Ошеломленные жрецы и сановники воззрились на меня. Кто-то вскочил с кресла, начал взволнованно говорить, другие молчали.
— Да, я тот самый Гармахис! Тот самый изменник, трижды клятвопреступник, предавший моих богов, мою отчизну, мои священные обеты! И я пришел сюда сказать все это вам. Я учинил божественное правосудие над той, что погубила меня и отдала Египет Риму. Много лет я упорно трудился и терпеливо ждал, и вот теперь, когда моя мудрость и вдохновение разгневанных богов помогли мне совершить возмездие, я принес на ваш суд мои преступления и мой позор, я готов принять кару, которая должна постигнуть предателя!
— Ты знаешь ли, какая казнь ждет нарушившего священную клятву, ту клятву, которую не должно нарушать? — зловеще спросил меня тот из жрецов, который первым узнал во мне Олимпия.

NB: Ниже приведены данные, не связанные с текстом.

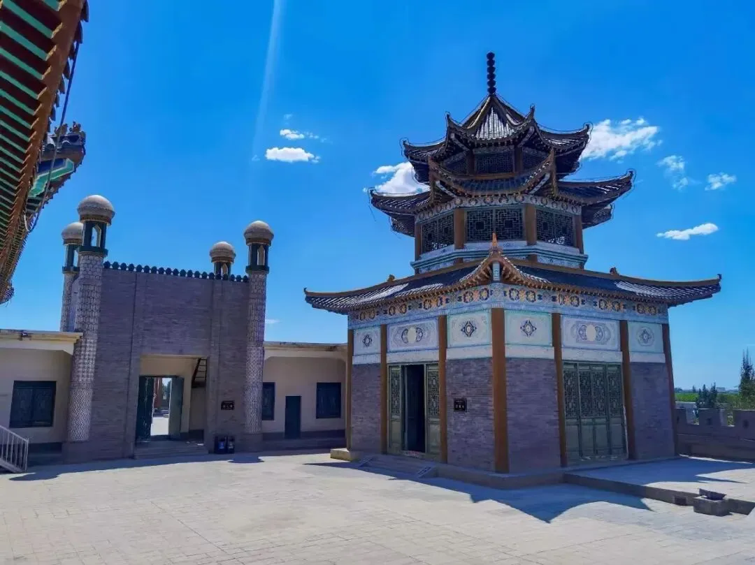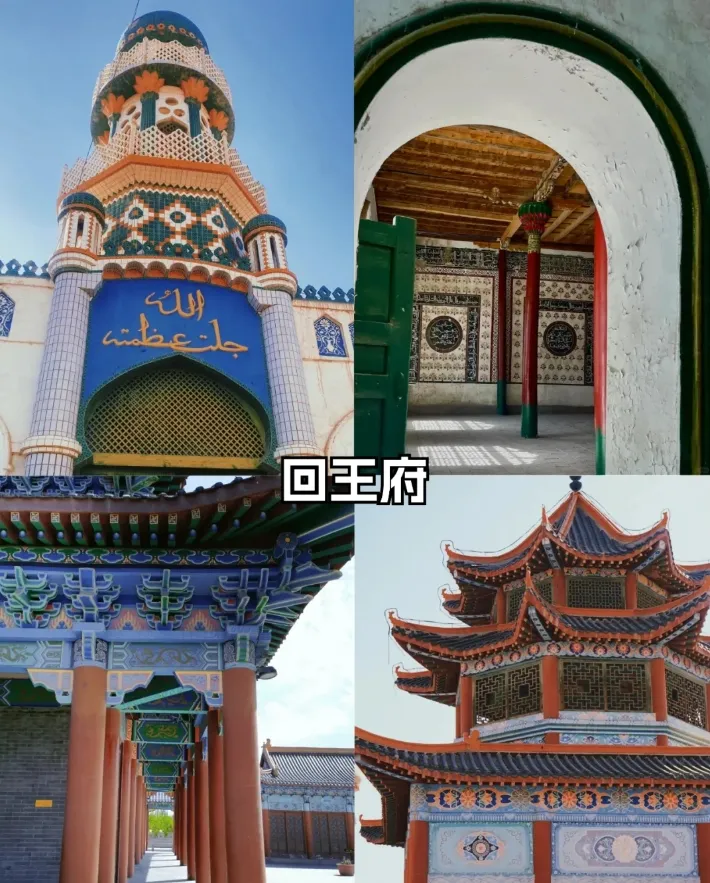 光绪八年(1882 年),九世回王沙木胡索特袭位后,对王府进行了扩建和翻修。扩建后的王府面积占回城的四分之一,有房 800 多间,大小九道门楼。正门楼为中西合璧结构,飞檐起脊,画栋雕梁,绿琉璃瓦顶。整体建筑分为内外二宫,内宫地面与城墙同高,外形是城楼式的宫殿。王府内还有三座规模不同、风格各异的清真寺,以及设计精巧、具有江南园林风格的小花园。
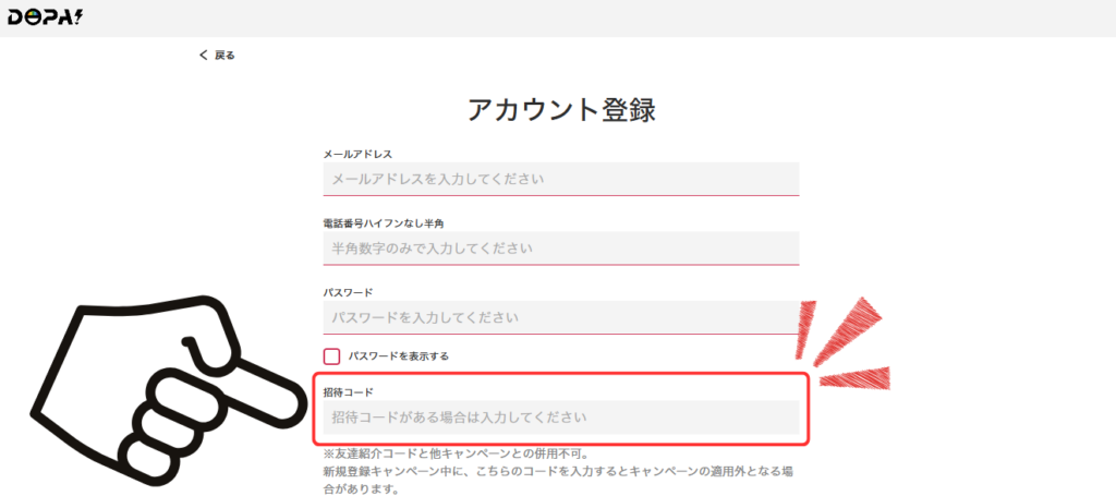 新規会員登録をする際「メールアドレスで登録」をすることで入力できるのが「招待コード」です。

— Да, знаю, — ответил я, — я жажду этой казни.
— О ты, который был Гармахисом, рассказывай же нам, как все произошло.
И я спокойно, ясно поведал им о своих злодеяниях, не утаив ни одного. И с каждым моим словом их лица все мрачнели, я понял, что милости ко мне у них не будет; да я ее и не просил, а если б попросил, они бы вознегодовали.
И вот я наконец закончил свой рассказ; жрецы велели мне удалиться и стали решать мою судьбу. Потом снова призвали к себе, и самый старший среди них, всеми почитаемый девяностолетний верховный жрец храма божественной Хатшепсут из Тапе, торжественно возгласил:
— Гармахис, мы обсудили все, что ты нам сейчас рассказал. Ты совершил три самых тяжких преступления, какие только может совершить на этом свете человек. Ты вверг в несчастья наш Кемет, порабощенный ныне Римом. Ты нанес жестокое оскорбление небесной матери Исиде. Ты нарушил священную клятву. Тебе известно, что для всех этих преступлений есть лишь одна кара, и мы приговариваем тебя к ней. Да, ты лишил жизни распутницу, которая соблазнила тебя на путь бесчестия; ты назвал себя самым гнусным злодеем, который когда-либо стоял средь этих стен, но все это не смягчило наш приговор. О ты, нарушивший священные обеты жрец, продавший свою отчизну египтянин, лишившийся своей законной диадемы фараон, и на тебя падет проклятие Менкаура! Здесь, где мы венчали твою главу Двойной Короной, мы приговариваем тебя к казни! Иди в темницу и жди, когда падет меч Судьбы! Сиди там и вспоминай, какое тебе было уготовано величие, и сравнивай утраченный блеск с бесславным концом, который тебя постиг! Быть может, боги, которым по твоей вине скоро перестанут поклоняться в этих святынях, проявят к тебе милосердие — от нас его не жди! Уведите его!
Меня схватили и повели прочь. Я шел, опустив голову, не поднимая взгляда, и все же чувствовал, как жгут меня их горящие гневом глаза.
Такого мучительного позора я за всю свою жизнь не переживал.